‘Hawaii Five-0’: Surf and Terrorism

CBS’ update of Hawaii Five-0 begins with a big-budget action sequence. A subtitle tells us that we’re in South Korea (although the landscape marks it quite obviously as being filmed in, yes, Hawaii), and we meet Steve McGarrett (Alex O’Loughlin), right in the middle of a prisoner transfer. Said prisoner is an Irish terrorist, and the terrorist’s big brother Victor Hesse (James Marsters) wants him freed. Hesse calls McGarrett’s cell phone for some fruitless negotiating that also allows Hesse’s associates to trace McGarrett’s phone. Before you know it, helicopters are firing missiles and blowing up military jeeps in a series of spectacular explosions, and both Hesse’s brother and McGarrett’s father back home in Honolulu end up dead.

Smartly staged by director Len Wiseman (Live Free or Die Hard, the Underworld franchise) this opening is fast-paced and technically impressive. Stuff blows up real good and the bullets fly as U.S. soldiers and black-clad terrorists face off. It’s a less effective introduction to McGarrett. And the rest of Hawaii Five-0‘s premiere episode suffers from the same problem. We know from the first scene that McGarrett is a military badass, cool under intense pressure. And… that’s about it.

McGarrett grumbles his way through Honolulu, where’s just been assigned. He argues with local detective Danny Williams (Scott Caan) and generally acts like a jerk to everyone he meets. This intense, taciturn soldier can work in an action movie setting, but the lead in an ongoing series needs to be more complicated — or at least vaguely appealing. He does have a long list of credentials, as well as a family history on Oahu. We get to hear it all in the episode’s second scene, when Hawaii Governor Pat Jameson (Jean Smart) rattles it off while meeting him for the first time. She’s attempting to recruit him to lead an anti-terrorist task force on the islands, but he’s not interested.

Until he is. Five minutes later, Williams refuses to let him leave his father’s house (currently a crime scene) with a toolbox full of vital information and McGarrett calls the Governor to accept the job, solely to lay claim to the box. The rest of the episode zips around the city as McGarrett and Williams follow up leads, trying to catch Hesse before he escapes the island. Along the way, the new partners pick up a couple of other team members, wrongly disgraced ex-cop Chin Ho Kelly (Daniel Dae Kim) and his niece, Kona Kalakaua (Grace Park), who is still a week away from graduating from the police academy. We learn only the scantest bits about Chin Ho, who is frustrated by his situation but retains a network of underworld informants, and Kona, a short-tempered martial artist who, um, likes to surf in bikinis.

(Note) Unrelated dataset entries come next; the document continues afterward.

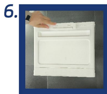
6. Pro dokončení montáže upevněte rukojeti na obou stranách.
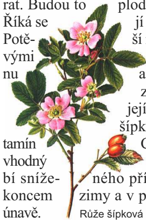
Růže šípková Rosa canina

I v měsíci říjnu a listopadu máme možnost ještě něco pro své zdraví nasbírat. Budou to plody růže šípkové. Říká se jí také planá růže. Potěví nás svými různými květy v květnu a červnu, na podzim zdaleka září její červené plody - šípky, bohaté na vitamín C. Čaj ze šípku je vhodný zejména v období snížené přísunu vitamínu koncem zimy a v předjaří při jarní únavě.
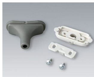
B2911328 Cable gland kit, 5.0 - 5.9 TPE volcano
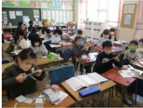
上手に切り取って、貼り付けて
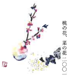
桃の花、菜の花二〇〇一
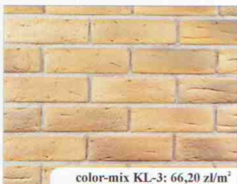
color-mix KL-3: 66,20 zł/m 2
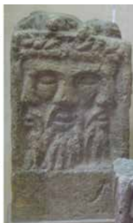
Eclipse total de Sol ocurrido el 20 de marzo de 2015, siendo visible desde las regiones polares del hemisferio norte. La imagen de la derecha es la advocación tricéfala del Dios Lug, fue descubierta en Reims.

parecido representativa la selección que se resume a continuación.
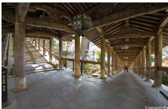
▲ ช่วงรอยต่อระหว่างบันไดชั้นล่างกับชั้นกลาง
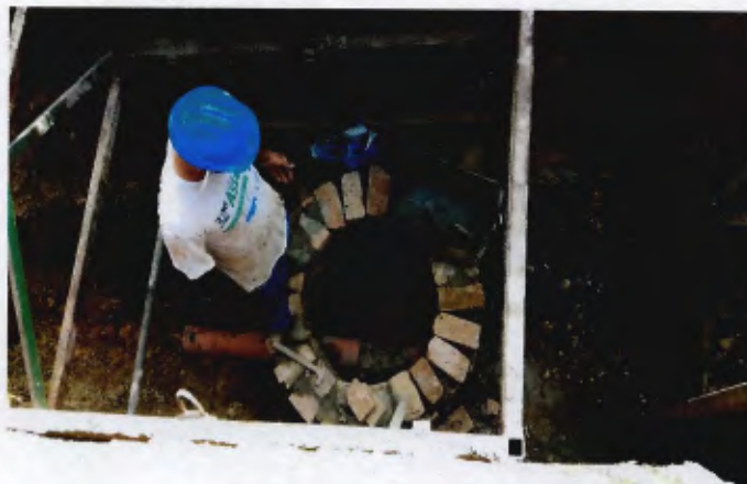
Detalhe da construção do PV (poço de visita)
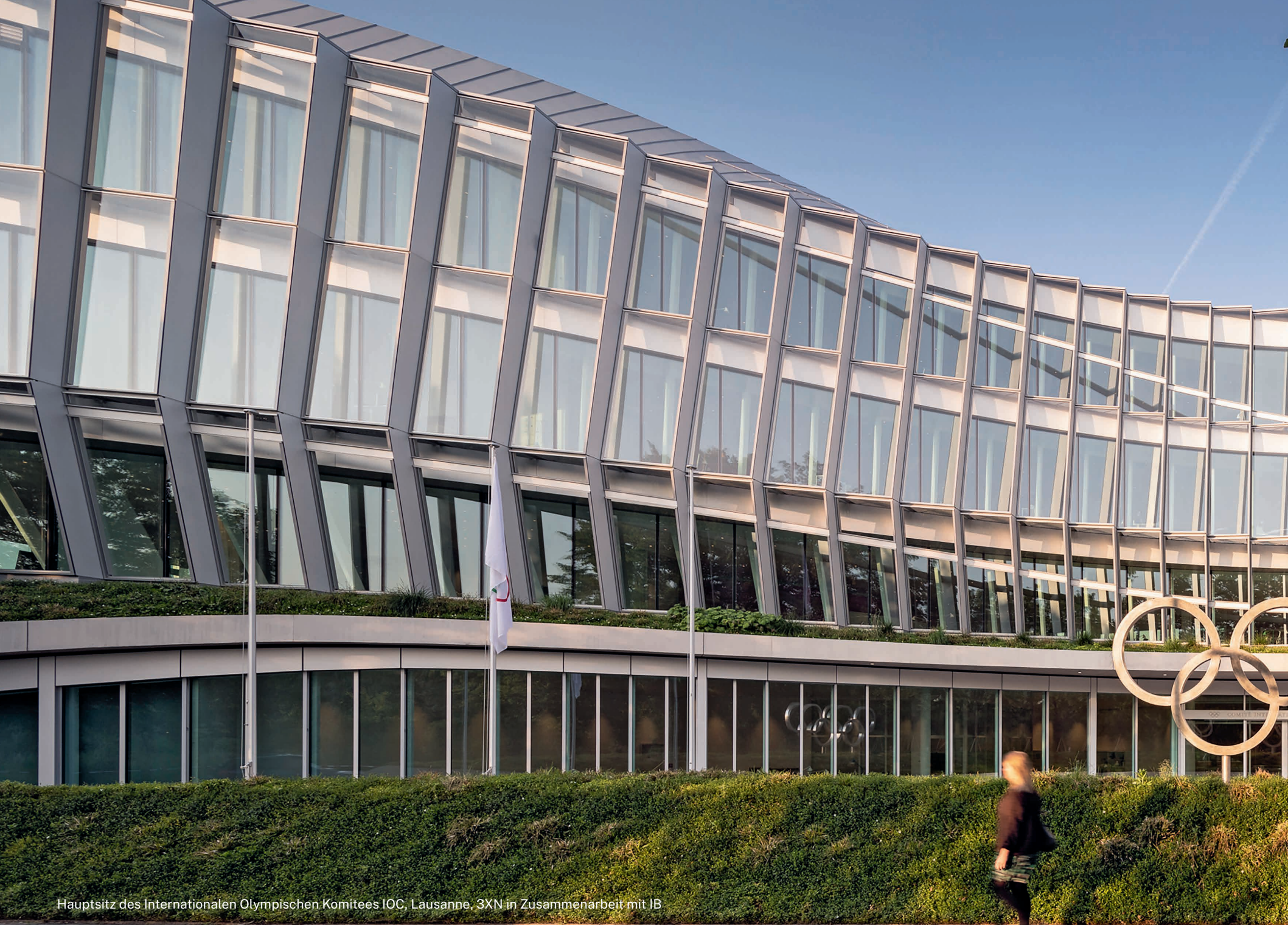
Hauptsitz des Internationalen Olympischen Komitees IOC, Lausanne. 3XN in Zusammenarbeit mit IB
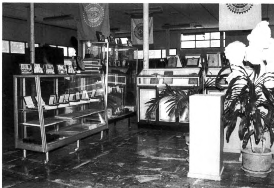
การจัดสภาพแวดล้อมทางศิลปะภายในห้องปฏิบัติการของโรงเรียนเลยพิทยาคม
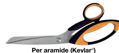
Per aramide (Kevlar®)
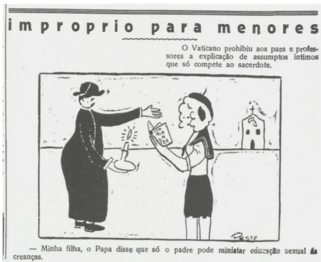
O Vaticano proibiu aos pais e professores a explicação de assuntos íntimos que só competem ao sacerdote. - Minha filha, o Papa disse que só o padre pode ministrar educação sexual às crianças. O Homem do Povo. São Paulo, 28 de março de 1931, n. 02, p.01).
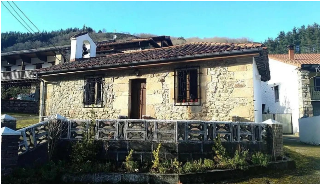
Ermita de santa ana iglesia

These pithy introductions underline that Hawaii Five-0‘s first episode is most interested in plot and action, set against beaches and mountains. At least one team member, Williams, isn’t thrilled by all the beauty. A proud city boy from New Jersey who only moved to Honolulu to be close to his young daughter (living with his ex), he actively dislikes the Hawaiian paradise and isn’t too pleased to be partnered with McGarrett, either. Caan plays exasperated very well, and he’s responsible for the episode’s moments of levity.

Still and again, levity is not the point here. That first Korean sequence sets the standard, and the rest of the episode provides solid, well-choreographed action and tension, including a scene where Kona goes undercover and is immediately suspected of being a cop. Yet, the episode’s best sequence may be its most low-key. McGarrett and Williams sneak up on a suspect in his rundown trailer home and the plan goes to hell. A few things happen seemingly at once: as the suspect’s girlfriend leaves in a post-argument huff, McGarrett tries to catch the suspect inside the trailer, and the suspect bursts through a window to escape. It’s a testament to the show’s attention to detail that the suspect actually shoots out the window first, instead of just jumping through it.

Other details are a mixed bag. Hawaii Five-0‘s legendary theme song is reduced here to 30-second blip (though it’s a big improvement over the chunky, guitar-heavy edition available when the pilot was first screened for critics back in May). That effort to seem “contemporary” carries over into the plot too: the new task force has “immunity” from the Governor to do whatever it takes to catch the bad guys, the better to keep up with shows like 24, one presumes. They aren’t just detectives, they’re a special arm of the law that doesn’t have to adhere to “procedure” and “regulations.” And they get to wake up every morning to that dramatic backdrop.